ARS: Adaptive Reasoning Suppression for Efficient Large Reasoning Language Models
Zheng
Large Reasoning Language Models (LRLMs or LRMs) demonstrate remarkable capabilities in complex reasoning tasks, but suffer from significant computational inefficiencies due to overthinking phenomena. Existing efficient reasoning methods face the challenge of balancing reasoning quality with inference cost reduction. We propose \textbf{Adaptive Reasoning Suppression (ARS)}, a novel training-free approach that dynamically suppresses redundant reasoning steps while preserving accuracy through adaptive certainty monitoring. ARS introduces a multi-checkpoint certainty estimation mechanism with progressive suppression thresholds, achieving superior efficiency compared to static suppression methods. Our extensive evaluation across mathematical reasoning benchmarks using multiple model architectures demonstrates that ARS achieves up to 53%, 46.1%, and 57.9% in token, latency and energy reduction, while maintaining or improving accuracy.
academic
ARS: Adaptive Reasoning Suppression for Efficient Large Reasoning Language Models
Large Reasoning Language Models (LRLMs) demonstrate exceptional capabilities in complex reasoning tasks, but suffer from significant computational efficiency issues due to the "overthinking" phenomenon. Existing efficient reasoning methods face challenges in balancing reasoning quality with reduced inference costs. This paper proposes Adaptive Reasoning Suppression (ARS), a novel training-free method that dynamically suppresses redundant reasoning steps through adaptive deterministic monitoring while maintaining accuracy. ARS introduces a multi-checkpoint deterministic estimation mechanism and progressive suppression thresholds, achieving superior efficiency compared to static suppression methods.
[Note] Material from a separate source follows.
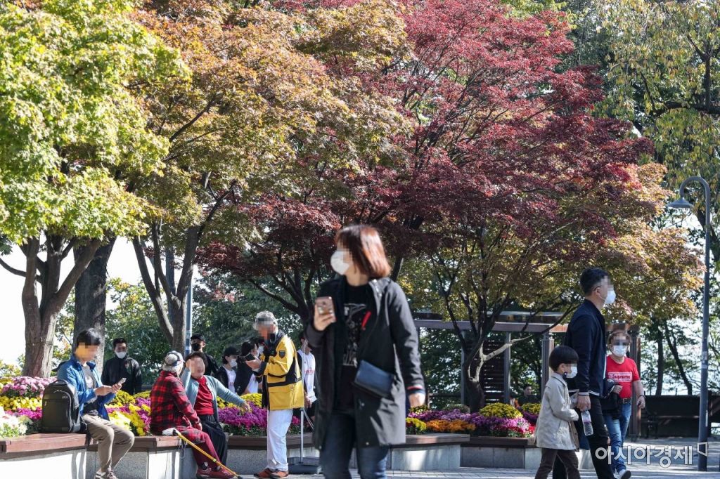 사회적 거리두기 1단계로 조정된 첫 주말인 18일 서울 남산을 찾은 시민들이 즐거운 시간을 보내고 있다./강진형 기자aymsdream@

On mathematical reasoning benchmarks across multiple model architectures, ARS achieves reductions of up to 53%, 46.1%, and 57.9% in tokens, latency, and energy consumption respectively, while maintaining or improving accuracy.
Large Reasoning Models (LRMs) such as OpenAI's o1/o3 and DeepSeek-R1 have achieved revolutionary progress in complex tasks including mathematics, programming, and scientific reasoning through sophisticated chain-of-thought (CoT) reasoning mechanisms. However, these models suffer from severe "overthinking" phenomena, where models continue generating redundant reasoning steps even after arriving at correct intermediate solutions.
Given a reasoning query q and a large reasoning language model π, the standard generation process produces output tokens o = {o₁, o₂, ..., oₜ}, where oₜ ~ π(·|q, o<ₜ). The objective is to minimize expected output length ET while maintaining reasoning accuracy:
min E[T] subject to E[L(f(o), y)] ≤ ε
where f(o) extracts the final answer from output o, y is the ground truth answer, L is the loss function, and ε is the acceptable accuracy degradation threshold.
ARS successfully addresses key limitations of existing methods by integrating adaptive determinism monitoring, progressive threshold adjustment, and dynamic suppression intensity control. Experiments demonstrate that ARS achieves significant computational efficiency improvements while maintaining or improving accuracy.
The paper cites 21 relevant references covering important works in large language model reasoning, chain-of-thought, mathematical problem solving, and related fields, providing solid theoretical foundation for the research.
Overall Assessment: This is an important paper making significant contributions to efficiency optimization in large reasoning models. The ARS method is cleverly designed with convincing experimental results, providing an effective solution to the overthinking problem in reasoning models. Despite some limitations, its innovation and practical value make it an important advance in this field.